Should document hmac_tfm properly.  Maybe something like:

@hmac_tfm: an HMAC transform using the hash function desired for HKDF.  The
           caller is responsible for setting the @prk afterwards.

> + * @ikm: input keying material
> + * @ikmlen: length of @ikm
> + * @salt: input salt value
> + * @saltlen: length of @salt
> + * @prk: resulting pseudorandom key
> + *
> + * Extracts a pseudorandom key @prk from the input keying material
> + * @ikm with length @ikmlen and salt @salt with length @saltlen.
> + * The length of @prk is given by the digest size of @hmac_tfm.
> + * For an 'unsalted' version of HKDF-Extract @salt should be set
> + * to all zeroes and @saltlen should be set to the length of @prk.

should => must (both times above)

> + * otherwise a negative error.

negative errno value (not just any negative error)

> +/*
> + * hkdf_expand - HKDF-Expand (RFC 5869 section 2.3)

Needs to be /** to make it a kerneldoc comment

> + * @hmac_tfm: hash context keyed with pseudorandom key
> + * @info: application-specific information
> + * @infolen: length of @info
> + * @okm: output keying material

Missing documentation for @okmlen parameter

> + *
> + * This expands the pseudorandom key, which was already keyed into @hmac_tfm,
> + * into @okmlen bytes of output keying material parameterized by the
> + * application-specific @info of length @infolen bytes.
> + * This is thread-safe and may be called by multiple threads in parallel.
> + *
> + * Returns 0 on success with output keying material stored in @okm,
> + * negative error number otherwise.
> + */
> +int hkdf_expand(struct crypto_shash *hmac_tfm,
> +		const u8 *info, unsigned int infolen,
> +		u8 *okm, unsigned int okmlen)
> +{
> +	SHASH_DESC_ON_STACK(desc, hmac_tfm);
> +	unsigned int i, hashlen = crypto_shash_digestsize(hmac_tfm);
> +	int err;
> +	const u8 *prev = NULL;
> +	u8 counter = 1;
> +	u8 *tmp;
> +
> +	if (WARN_ON(okmlen > 255 * hashlen))
> +		return -EINVAL;
> +
> +	tmp = kzalloc(hashlen, GFP_KERNEL);
> +	if (!tmp)
> +		return -ENOMEM;

tmp can be allocated on the stack since it has maximum length
HASH_MAX_DIGESTSIZE.

Also, either way, it needs to be zeroized at the end of the function.

> +	desc->tfm = hmac_tfm;
> +
> +	for (i = 0; i < okmlen; i += hashlen) {
> +
> +		err = crypto_shash_init(desc);
> +		if (err)
> +			goto out;
> +
> +		if (prev) {
> +			err = crypto_shash_update(desc, prev, hashlen);
> +			if (err)
> +				goto out;
> +		}
> +
> +		if (info && infolen) {

'if (infolen)' instead of 'if (info && infolen)'.  The latter is a bad practice
because it can hide bugs.

> +struct hkdf_testvec {
> +	const char *test;
> +	const unsigned char *ikm;
> +	const unsigned char *salt;
> +	const unsigned char *info;
> +	const unsigned char *prk;
> +	const unsigned char *okm;
> +	unsigned short ikm_size;
> +	unsigned short salt_size;
> +	unsigned short info_size;
> +	unsigned short prk_size;
> +	unsigned short okm_size;
> +};

u8 and u16 instead of unsigned char and unsigned short, please.

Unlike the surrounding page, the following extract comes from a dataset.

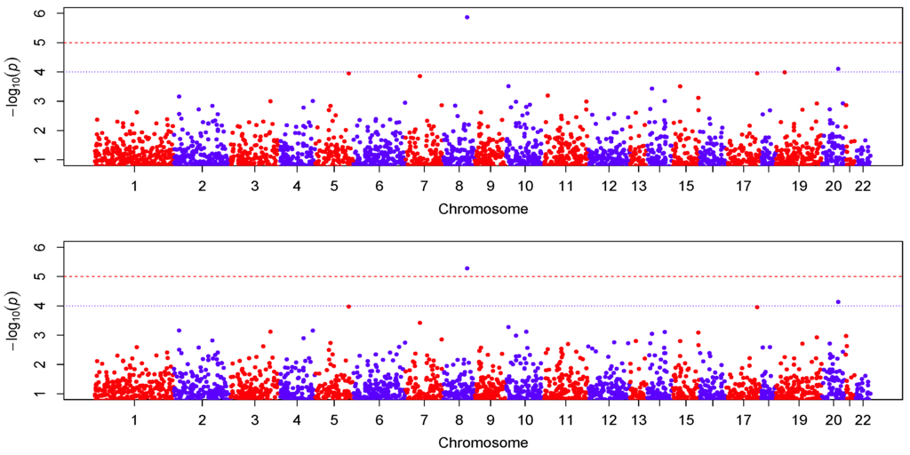 We centered the response first by subtracting the sample mean, then fitted the proposed varying-coefficient sparse PCR (VC-sPCR) model described in an earlier section to each gene, and conducted the aforementioned hypothesis testing. The number of PCs was chosen in such a way that >80% of gene variance can be explained by these PCs. As a comparison, we also fitted a regular varying-coefficient PCR (VC-PCR) model without assuming sparsity of the PC loadings. We first tested to assess the overall genetic effect. The corresponding p-values are denoted by for VC-PCR model and for VC-sPCR model (see Table 1). Figure 4 shows the Manhattan plot of the p-values for the two models. The top panel is for the results analyzed with the VC-PCR model, and the bottom panel is for the results analyzed with the VC-sPCR model. The vertical axis is the −log10(p-value) and horizontal axis shows the genes in 22 autosome chromosomes. The two models give quite consistent signals across all the genes. If we applied a Bonferroni threshold (−log10(0.05/12005) = 5.38) at a 0.05 genome-wide significance level, only one gene (ANGPT1) on chromosome 8 shows significance. If we lowered the threshold to 1 × , then one gene (NCOA5) on chromosome 20 shows suggestive significance. The QQ-plots of the p-values for the two models are given in Figure 5. As we can see that no obvious departure from the diagonal line is observed, indicating no inflation of the p-values.

> +static int hkdf_test(const char *shash, const struct hkdf_testvec *tv)
> +{	struct crypto_shash *tfm = NULL;
> +	u8 *prk = NULL, *okm = NULL;
> +	unsigned int prk_size;
> +	const char *driver;
> +	int err;
> +
> +	tfm = crypto_alloc_shash(shash, 0, 0);
> +	if (IS_ERR(tfm)) {
> +		pr_err("%s(%s): failed to allocate transform: %ld\n",
> +		       tv->test, shash, PTR_ERR(tfm));
> +		return PTR_ERR(tfm);
> +	}
> +	driver = crypto_shash_driver_name(tfm);
> +
> +	prk_size = crypto_shash_digestsize(tfm);
> +	prk = kzalloc(prk_size, GFP_KERNEL);
> +	if (!prk) {
> +		err = -ENOMEM;
> +		goto out_free_shash;
> +	}
> +
> +	if (tv->prk_size != prk_size) {
> +		pr_err("%s(%s): prk size mismatch (vec %u, digest %u\n",
> +		       tv->test, driver, tv->prk_size, prk_size);
> +		err = -EINVAL;
> +		goto out_free_prk;
> +	}

Since freeing NULL is a no-op, this function only really needs one label.

> +	err = crypto_shash_setkey(tfm, tv->prk, tv->prk_size);
> +	if (err) {
> +		pr_err("%s(%s): failed to hash key to PRK, error %d\n",
> +		       tv->test, driver, err);

Not sure what "failed to hash key to PRK" means here.  It failed to set the PRK,
so a better error message might be "failed to set PRK".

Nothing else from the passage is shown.